_PROBLEM TO WORK ON_. Pictures do not belong in the output. Reproduce exactly the lines from the start of the records through the line with "铁岭市银州区工人街道通达社区副书记陈春艳培训学习心得".

_EXTRACTED ENTRIES_.
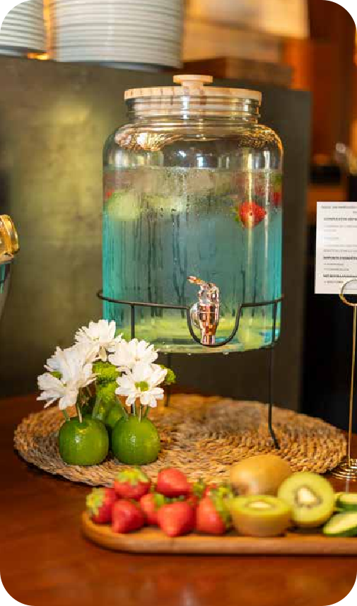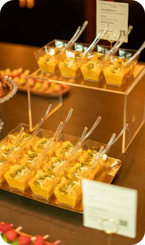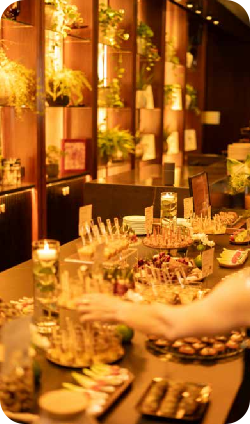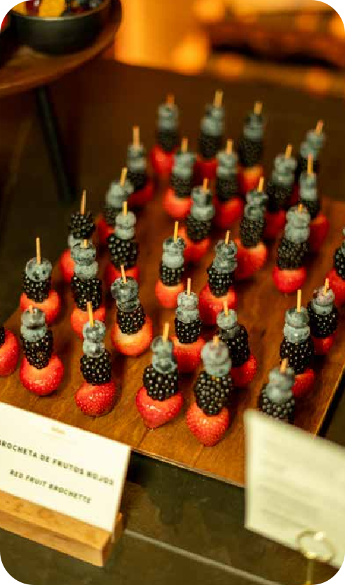 Esta Sinapse tem a capacidade de criar quatro estações de mesas que evidenciam um evento de grande porte, distribuido em ilhas temáticas que se conectam em uma imersão sensorial e funcional.
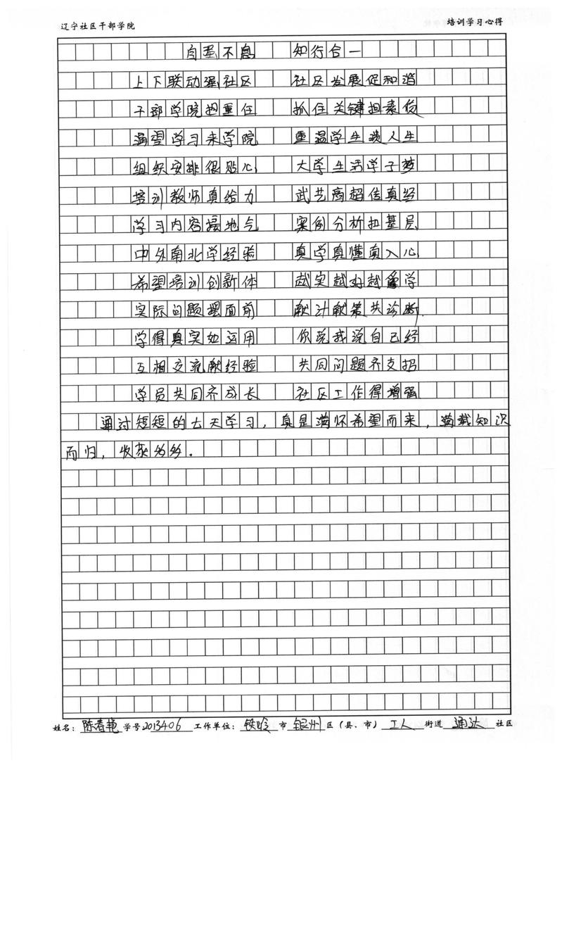 铁岭市银州区工人街道通达社区副书记陈春艳培训学习心得
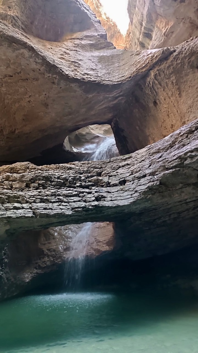 💦Салтинский водопад Дагестан Единственный подземный водопад в Дагестане, находится на окраине села Салта в Гунибском районе Дагестана Река Салтинка берёт начало на склонах Кудалинского каньона на высоте 1840 метров, течёт по Салтинской теснине и проваливается вниз через отверстие в сплошной скале с высоты 20 метров Глубина ущелья, ведущего к водопаду, местами достигает 150 метров, при этом его ширина составляет всего 2–5 метров #путешествияблондинки #дагестан
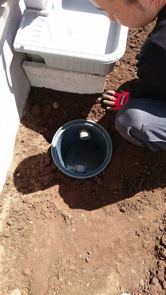 更に、下水に直接繋いだ場合は、下水の臭いが上がってきます。それを防ぐためにこの溜枡は『トラップ』の役目もしています。
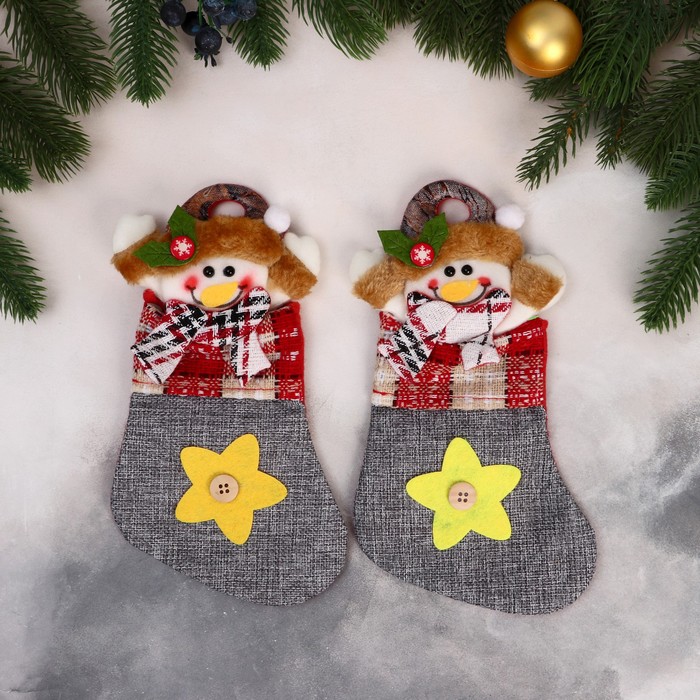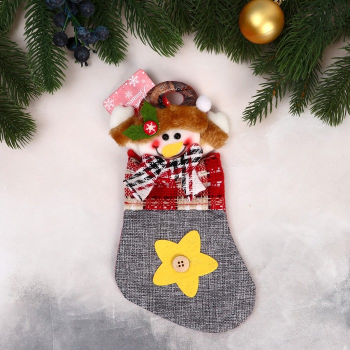 Носок для подарков «Снеговик и звёздочка с пуговкой» 12×24 см, серый

_ANSWER TO THE PROBLEM_.
 Esta Sinapse tem a capacidade de criar quatro estações de mesas que evidenciam um evento de grande porte, distribuido em ilhas temáticas que se conectam em uma imersão sensorial e funcional.
 铁岭市银州区工人街道通达社区副书记陈春艳培训学习心得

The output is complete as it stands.